During a 10-week assignment, a team of analytics consultants from IBM combined different data sets over a 4-year period of all job seekers registered with VDAB between the ages of 18 and 25. The objective was to create a predictive model prototype that offers a prognosis for the amount of time young people will remain unemployed. First of all, such a model enables the VDAB to deploy its counselors and tools as efficiently as possible so that the largest possible group of job seekers can find jobs quicker. Moreover, the agency can also better determine what factors will more quickly lead to employment for each individual job seeker.


Danneels: “Based on the historic data, we were able to get very important insights into all the services we offered in the past, how we handled things and into the final results. After that, the model was continuously refined by additional data sets. It allowed us to split young job seekers into three groups and predict who would get a job within 30 days, within 180 days or in more than 180 days. A remarkable finding was that thirty percent of the jobseekers would get a job within 30 days. That means you can focus on the rest.” The prediction has a certainty of eighty percent. “This is very high, due to the fact that the total population was used for the analysis, and not just a sample. It’s a clear example of the power of big data,” says Danneels.

Personal assistance

The model also allows VDAB to predict the particular services that are best suited for the career counselors to personally assist each jobseeker. They can make fictitious changes in a number of variables, such as education level, language skills, desired jobs, work experience (e.g. internships), or personality traits. In many cases, a change in one of these variables leads to a significantly better chance of finding a job. The model that IBM developed is also self-learning. Based on examples, the system learns to discover links between previously unknown factors. Then it can make a number of suggestions to job seekers. Because the system makes these suggestions based on success stories from the past, career counselors are able to predict what actions will be successful for each job seeker. Danneels: “The advantage of working this way is not only that our career counselors can give personalized recommendations that have an impressive level of certainty. It is equally important that they all base their decisions on the same information, their approach does not depend on individual expertise and experience.”

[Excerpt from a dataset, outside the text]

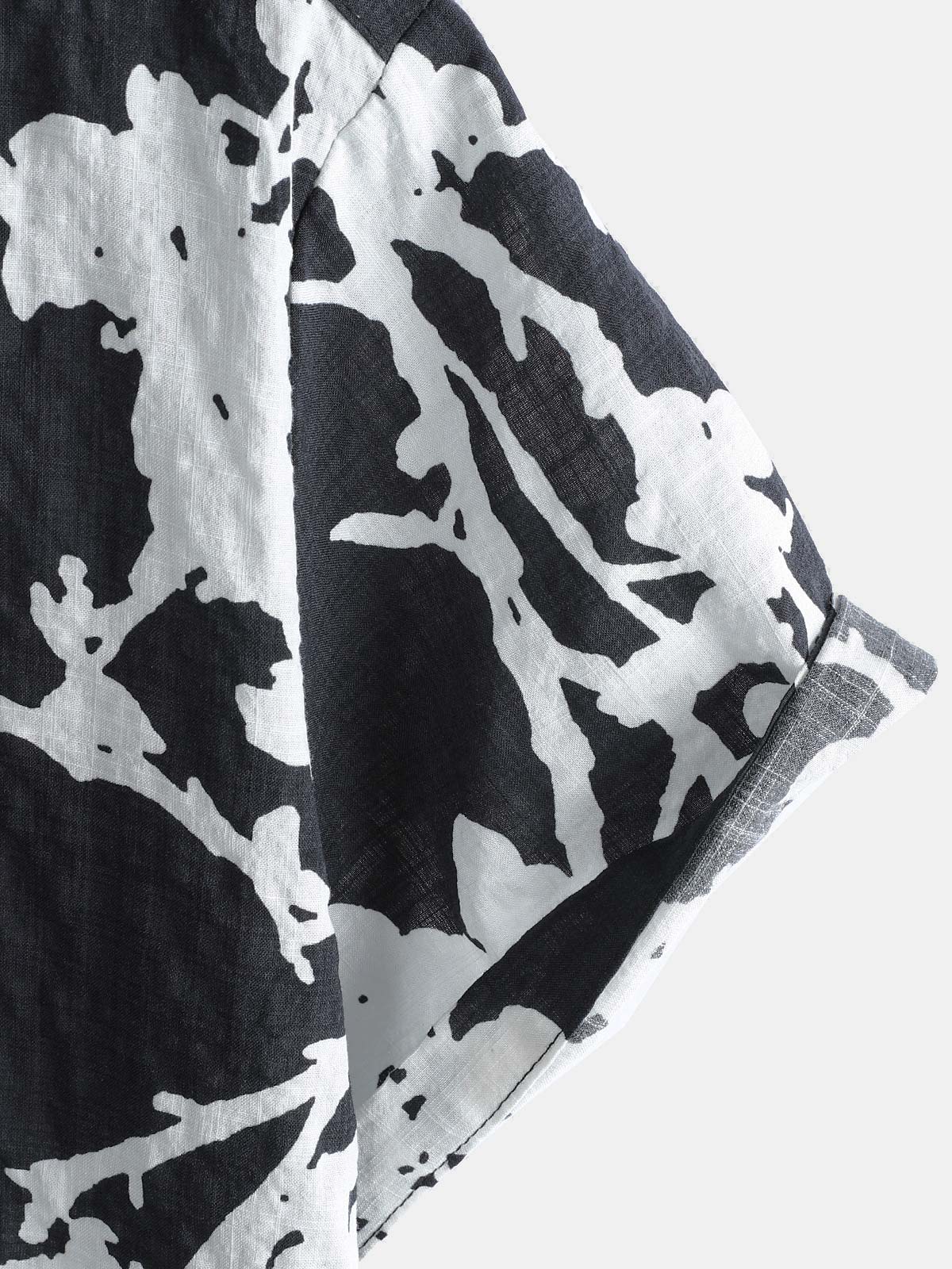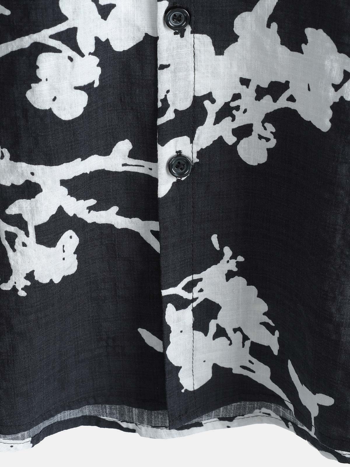 Men's Black and White Hawaiian Floral Breathable Cotton Casual Button Down Shirt

“We didn’t expect to get such clear answers to our questions.”

Expectations exceeded

Thanks to the Impact Grant, VDAB now has a powerful prototype model for predicting youth unemployment. As a next step, the tool will be refined and tested in actual practice. “Our career counselors will use the model to work with their clients over a period of three months. After that it will be refined and applied to all job seekers of all ages. In a later stage, we may also offer the tool directly to our clients,” states Danneels. His expectations have been exceeded. “We had to draw and prepare a huge amount of data from difference sources over a 10-year time period. The fact that we could also analyze unstructured information such as counselor notes made it possible to delve much deeper into our data than before. We didn’t expect to get such results and clear answers to our questions that quickly.”